Con relativa frecuencia me encuentro en páginas de la prensa digital con alguna fotografía o referencia de Ernesto Guevara de la Serna, el famoso, mítico “Che Guevara”. Por estos días del mes de octubre no necesito fotos ni noticias que hablen de él para verle aparecer en el lienzo de mis recuerdos. Fue el 9 de octubre de 1967 que le prensa escrita, hablada y gráfica de todo el mundo divulgó la noticia de que el Che Guevara había muerto. En Bolivia, en la selva del Departamento del Beni. No era la primera ni segunda vez que se anunciara eso de él. Instintivamente, siempre reaccionaba con un no, le tenéis muchas ganas, pero todavía no. Ese día sentí como un temblor dentro de mí y agaché la cabeza para decirle adiós con algo húmedo cristalizándose en mis ojos.

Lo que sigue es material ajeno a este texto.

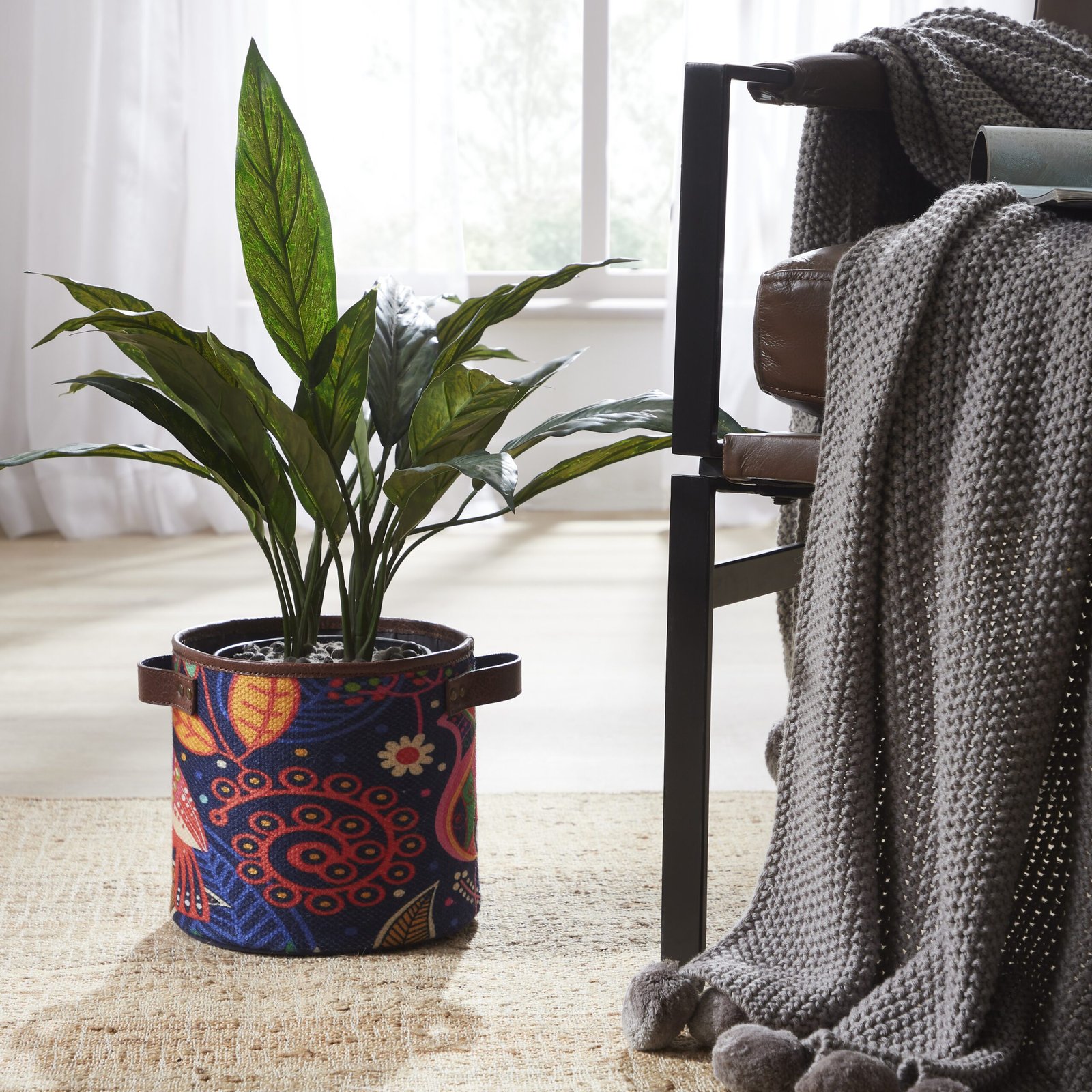 This planter is a stylish companion to adorn your living space with plants. The durrie look suplimation details makes it a worthy pick. It is lightweight, yet sturdy and durable.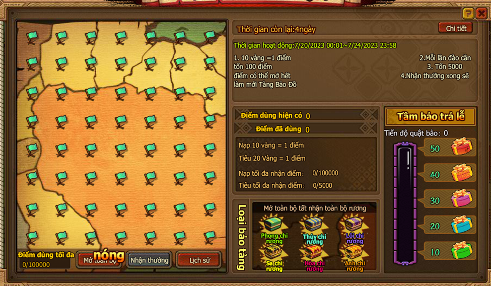 2. Dùng Tàng Bảo Đồ tiến hành mini game Quật Bảo (Tàng Bảo Đồ không đủ dùng Vàng bù đầy, 1 Tàng Bảo Đồ = 50 Vàng).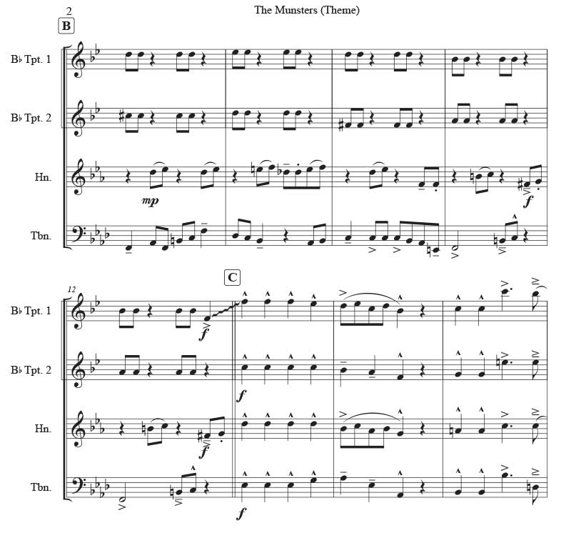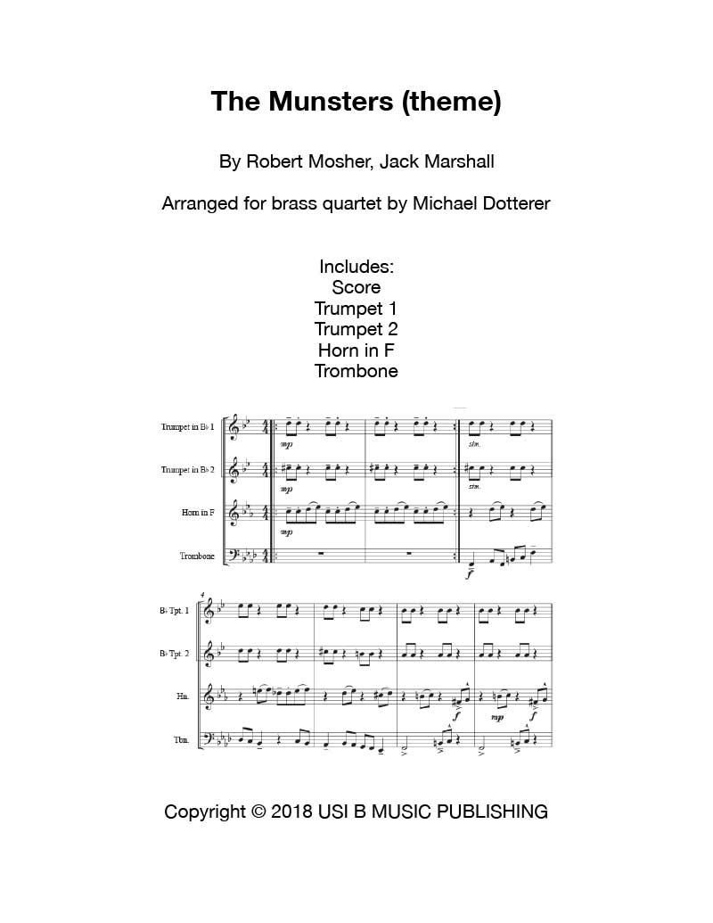 Composed by Jack Marshall. Arranged for 2 trumpets, horn in F and trombone. Score and parts. 10 pages. Rated Advanced Intermediate rating due to the range.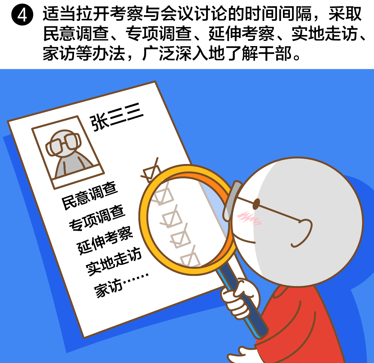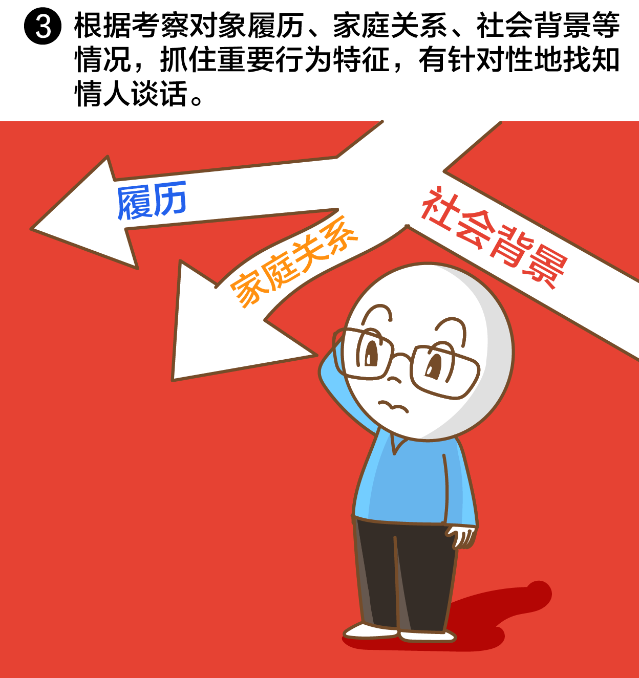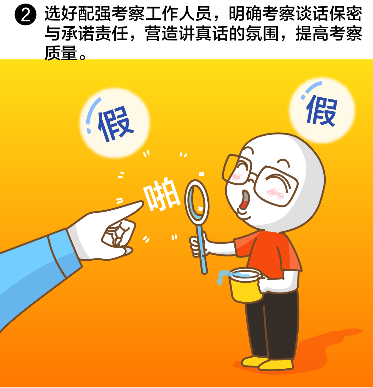 强化任前把关。考察工作要突出针对性、增强灵活性、提高有效性,针对不同考察对象的具体情况,细化考察内容,改进考察方式,力争考察结果全面、客观、准确。选好配强考察工作人员,明确考察谈话保密与承诺责任,营造讲真话的氛围,提高考察质量。根据考察对象履历、家庭关系、社会背景等情况,抓住重要行为特征,有针对性地找知情人谈话。适当拉开考察与会议讨论的时间间隔,采取民意调查、专项调查、延伸考察、实地走访、家访等办法,广泛深入地了解干部。改进考察对象公示和任职前公示方式,探索扩大公示内容、范围和延长公示时间,充分接受干部群众监督。强化审核措施,做到干部档案“凡提必审”,个人有关事项报告“凡提必核”,纪检监察机关意见“凡提必听”,反映违规违纪问题线索具体、有可查性的信访举报“凡提必查”。前移审核关口,做到动议即审,该核早核。对发现问题影响使用的,及时中止选拔任用程序;疑点没有排除、问题没有查清的,不得提交会议讨论或任用。对一时存疑、暂未使用的干部,要本着高度负责的态度,及时查清问题、作出结论,为那些受到诬告、诽谤、陷害的干部澄清正名,严肃处理打击报复、诬告陷害行为。坚持事业为上、公道正派,保护作风过硬、敢作敢为、锐意进取的干部,对那些想干事、能干事、敢担当、善作为的干部要旗帜鲜明地撑腰鼓劲、大胆使用。(摘自《关于防止干部“带病提拔”的意见》)(中央纪委监察部网站 王婵 王洁)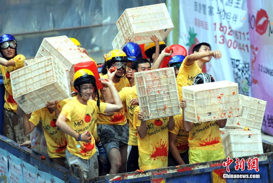 8月30日,沈阳首届西红柿大战子在胜利大街商业步行街内上演,年轻男女以西红柿为武器在一片红色的海洋中混战。中新社发 沈阳张鹏 摄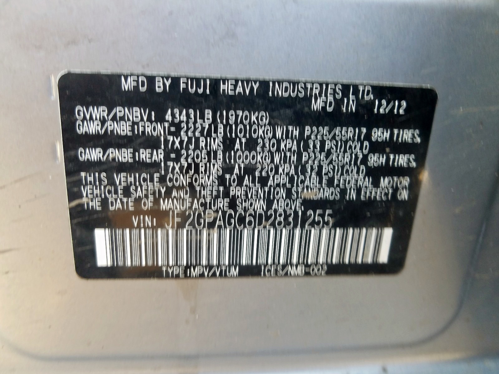VIN: JF2GPAGC6D2831255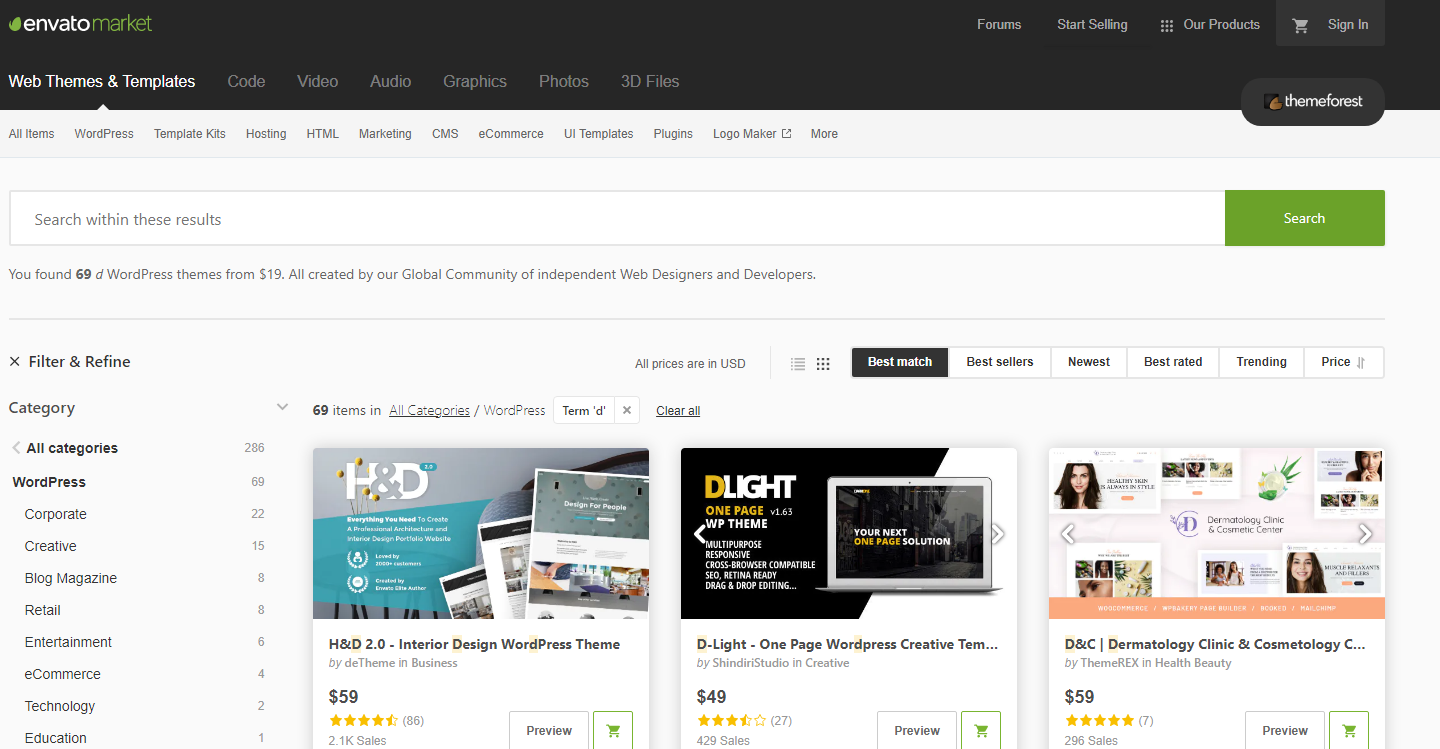 تحتوي TemplateMonster على أكثر من 2100 قالب للوردبريس. ولحسن الحظ، لن يتعين عليك قضاء ساعات في البحث عن القالب الذي يعجبك لأنه توجد عوامل تصفية وخيارات بحث جيدة جداً.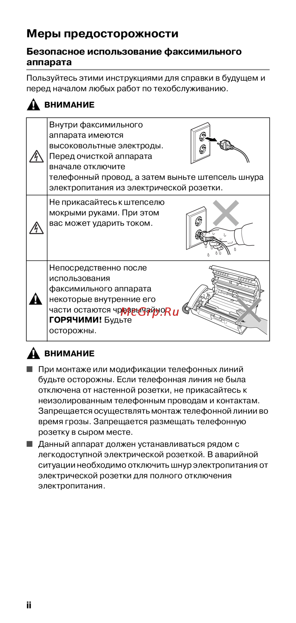 - Безопасное использование факсимильного аппарата p.4

Esa tarde comenzaba el novenario al Señor de los Milagros y se me había encomendado su predicación en el templo en el que se venera su imagen en Lima, Perú. Me fue imposible concentrarme y pensar en qué iba a decir. Salí al presbiterio y no me venían ni ideas a la mente ni palabras a los labios. Por fin -no estoy del todo seguro de las palabras- dije: ¡Ha muerto un hombre! Y dirigiéndome al Cristo pendiente de una gran cruz, al Señor de los Milagros: Tú sabes quién. Espero que le hayas recibido donde quiera que Tú estés.

Hacían ocho, casi nueve años que nos habíamos conocido en Cuba, el Día de Reyes del 59. Tres días antes él se había hecho cargo de la Comandancia de La Cabaña y El Morro, esa muralla con el faro a la izquierda y a los pies el canal de agua que lleva a la bahía de La Habana, que se muestra en la tele cada vez que se va a hablar de Cuba. Tanto La Cabaña como El Morro forman parte de la Parroquia de Casa Blanca que por aquellos años atendía yo. Terminada la misa de diez, subí caminando a La Cabaña. Los milicianos “barbús” que vigilaban la entrada no me pidieron una identificación, que supongo era su deber, sino un rosario para colgarlo al cuello. Pero si no te cabe uno más, muchacho. Pasé y llegué a la puerta de la residencia del Comandante. Tampoco aquí necesité identificarme. El Comandante tiene una visita, en cuanto se libre le aviso y le recibe al momento, seguro.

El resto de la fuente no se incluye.